Traditionally, developing a plant regeneration system is a prerequisite for most of plant gene transformation. In present study, we show that the gene transformation of Spathoglottis plicata (Orchidaceae) can be achieved by pollen-mediated transformation which does not need to develop a regeneration system. Agrobacterium tumefaciens strain EHA 105 harboring a plasmid pCAMBIA 1302 which contains a reporter gene green fluorescent protein (GFP) and a hygromycin resistance gene controlling by CaMV 35S promoter and NOS terminator.
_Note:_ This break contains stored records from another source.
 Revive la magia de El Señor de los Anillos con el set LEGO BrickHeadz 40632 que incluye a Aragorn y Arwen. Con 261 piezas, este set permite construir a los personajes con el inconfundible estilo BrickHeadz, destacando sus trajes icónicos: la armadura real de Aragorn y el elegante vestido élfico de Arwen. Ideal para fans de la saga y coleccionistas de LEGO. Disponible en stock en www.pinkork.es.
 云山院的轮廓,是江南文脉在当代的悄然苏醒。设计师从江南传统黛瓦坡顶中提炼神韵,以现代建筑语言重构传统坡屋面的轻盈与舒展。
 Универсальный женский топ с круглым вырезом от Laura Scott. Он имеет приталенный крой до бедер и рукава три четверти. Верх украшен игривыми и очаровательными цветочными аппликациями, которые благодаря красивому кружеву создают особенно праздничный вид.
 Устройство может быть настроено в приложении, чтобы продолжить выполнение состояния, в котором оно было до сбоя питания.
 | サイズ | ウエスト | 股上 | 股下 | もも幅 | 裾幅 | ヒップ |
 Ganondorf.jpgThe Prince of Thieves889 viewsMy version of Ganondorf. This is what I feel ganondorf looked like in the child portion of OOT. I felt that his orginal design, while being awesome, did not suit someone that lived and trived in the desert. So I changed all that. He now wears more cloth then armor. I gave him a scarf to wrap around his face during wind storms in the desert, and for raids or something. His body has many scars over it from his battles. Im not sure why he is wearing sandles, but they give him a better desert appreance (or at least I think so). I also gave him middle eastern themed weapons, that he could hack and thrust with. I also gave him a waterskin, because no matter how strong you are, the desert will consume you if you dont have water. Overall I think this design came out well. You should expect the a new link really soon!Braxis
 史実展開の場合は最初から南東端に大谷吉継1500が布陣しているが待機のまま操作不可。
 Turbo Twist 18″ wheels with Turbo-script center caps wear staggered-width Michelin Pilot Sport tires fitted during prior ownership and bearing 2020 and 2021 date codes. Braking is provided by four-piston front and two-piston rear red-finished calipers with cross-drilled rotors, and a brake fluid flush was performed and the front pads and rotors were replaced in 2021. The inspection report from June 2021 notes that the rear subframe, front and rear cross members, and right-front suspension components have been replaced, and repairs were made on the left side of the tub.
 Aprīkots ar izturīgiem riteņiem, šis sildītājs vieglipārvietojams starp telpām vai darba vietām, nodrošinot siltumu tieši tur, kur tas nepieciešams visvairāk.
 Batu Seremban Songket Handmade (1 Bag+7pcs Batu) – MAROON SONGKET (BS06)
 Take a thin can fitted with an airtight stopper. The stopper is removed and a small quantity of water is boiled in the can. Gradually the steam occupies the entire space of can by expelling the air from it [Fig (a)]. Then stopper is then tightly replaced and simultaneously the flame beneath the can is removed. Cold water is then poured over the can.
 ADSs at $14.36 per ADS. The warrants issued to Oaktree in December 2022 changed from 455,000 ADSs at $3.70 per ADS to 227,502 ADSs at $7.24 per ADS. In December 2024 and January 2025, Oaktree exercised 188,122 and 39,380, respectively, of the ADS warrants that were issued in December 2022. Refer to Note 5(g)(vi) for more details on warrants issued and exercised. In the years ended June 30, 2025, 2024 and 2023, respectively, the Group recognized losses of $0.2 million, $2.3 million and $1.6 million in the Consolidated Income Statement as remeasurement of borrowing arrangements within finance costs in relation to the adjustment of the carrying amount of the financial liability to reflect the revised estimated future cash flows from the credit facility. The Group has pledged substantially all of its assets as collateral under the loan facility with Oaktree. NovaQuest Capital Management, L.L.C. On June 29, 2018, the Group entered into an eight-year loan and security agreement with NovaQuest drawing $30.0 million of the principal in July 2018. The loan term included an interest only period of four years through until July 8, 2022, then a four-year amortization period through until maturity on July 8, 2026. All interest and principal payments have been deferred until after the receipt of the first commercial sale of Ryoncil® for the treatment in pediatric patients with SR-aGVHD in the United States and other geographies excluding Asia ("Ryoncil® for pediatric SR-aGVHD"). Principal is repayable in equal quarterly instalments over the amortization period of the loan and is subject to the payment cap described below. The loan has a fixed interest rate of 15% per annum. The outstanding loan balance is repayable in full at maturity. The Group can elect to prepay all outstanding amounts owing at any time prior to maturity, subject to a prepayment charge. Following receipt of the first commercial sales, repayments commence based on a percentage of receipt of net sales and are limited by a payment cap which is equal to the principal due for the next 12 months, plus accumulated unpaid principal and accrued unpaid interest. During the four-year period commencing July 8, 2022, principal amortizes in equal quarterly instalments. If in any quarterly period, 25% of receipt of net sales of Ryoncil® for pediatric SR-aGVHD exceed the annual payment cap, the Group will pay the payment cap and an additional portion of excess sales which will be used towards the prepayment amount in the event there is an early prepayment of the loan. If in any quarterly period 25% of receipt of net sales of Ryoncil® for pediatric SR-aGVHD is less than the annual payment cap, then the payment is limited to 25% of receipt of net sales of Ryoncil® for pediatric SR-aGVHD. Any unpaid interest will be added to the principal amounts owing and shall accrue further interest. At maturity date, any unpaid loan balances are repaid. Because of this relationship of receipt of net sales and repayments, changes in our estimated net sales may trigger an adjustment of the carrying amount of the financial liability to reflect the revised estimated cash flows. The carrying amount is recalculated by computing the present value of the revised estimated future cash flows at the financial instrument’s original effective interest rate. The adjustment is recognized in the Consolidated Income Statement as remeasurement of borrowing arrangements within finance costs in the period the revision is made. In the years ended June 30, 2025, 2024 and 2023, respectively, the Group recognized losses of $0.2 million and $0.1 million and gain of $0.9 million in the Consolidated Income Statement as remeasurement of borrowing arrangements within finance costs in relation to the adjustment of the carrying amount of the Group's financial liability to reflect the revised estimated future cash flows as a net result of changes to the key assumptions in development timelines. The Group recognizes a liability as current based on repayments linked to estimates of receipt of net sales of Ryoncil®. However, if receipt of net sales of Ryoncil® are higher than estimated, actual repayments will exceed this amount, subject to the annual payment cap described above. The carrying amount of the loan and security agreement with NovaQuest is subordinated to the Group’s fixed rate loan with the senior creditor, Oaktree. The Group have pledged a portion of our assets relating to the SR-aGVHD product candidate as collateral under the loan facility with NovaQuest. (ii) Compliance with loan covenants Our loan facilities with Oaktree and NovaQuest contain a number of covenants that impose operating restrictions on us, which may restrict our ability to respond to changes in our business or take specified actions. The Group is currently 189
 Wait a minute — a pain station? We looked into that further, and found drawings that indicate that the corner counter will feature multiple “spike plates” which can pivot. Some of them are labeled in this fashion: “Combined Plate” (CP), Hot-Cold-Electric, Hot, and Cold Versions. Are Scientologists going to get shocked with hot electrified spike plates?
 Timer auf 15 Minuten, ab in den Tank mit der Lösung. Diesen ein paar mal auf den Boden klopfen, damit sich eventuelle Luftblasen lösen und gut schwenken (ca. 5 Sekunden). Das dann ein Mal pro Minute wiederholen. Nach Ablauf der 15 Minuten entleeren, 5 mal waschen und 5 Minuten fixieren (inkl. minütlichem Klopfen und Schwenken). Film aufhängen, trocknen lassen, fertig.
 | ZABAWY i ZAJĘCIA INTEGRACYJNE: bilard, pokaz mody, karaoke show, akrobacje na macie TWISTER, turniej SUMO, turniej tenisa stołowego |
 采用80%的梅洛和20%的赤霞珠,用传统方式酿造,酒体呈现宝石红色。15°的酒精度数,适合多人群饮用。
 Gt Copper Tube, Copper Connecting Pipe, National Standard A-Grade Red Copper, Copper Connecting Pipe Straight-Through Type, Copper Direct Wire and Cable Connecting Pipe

Spathoglottis plicata pollinia was cultivated in pollen germination medium to germinate for 16 hours and germinated pollens were¬†cocultivated with EHA 105. The infected pollens were pollinated on the stigma of Spathoglottis plicata. After about two weeks later, those developing fruits were harvested. Developing embryos were observed under fluorescent microscope to detect the expression of GFP protein. About one month after pollination, fruits were matured and cultured on seed germination medium. The plantlets were transplanted on selection medium containing hygromycin to obtain transgenic plantlets. Those transgenic plants were confirmed by PCR and RT-PCR for GFP gene. These results show that gene transfer by pollen-mediated is an easy and efficient method for Spathoglottis plicata.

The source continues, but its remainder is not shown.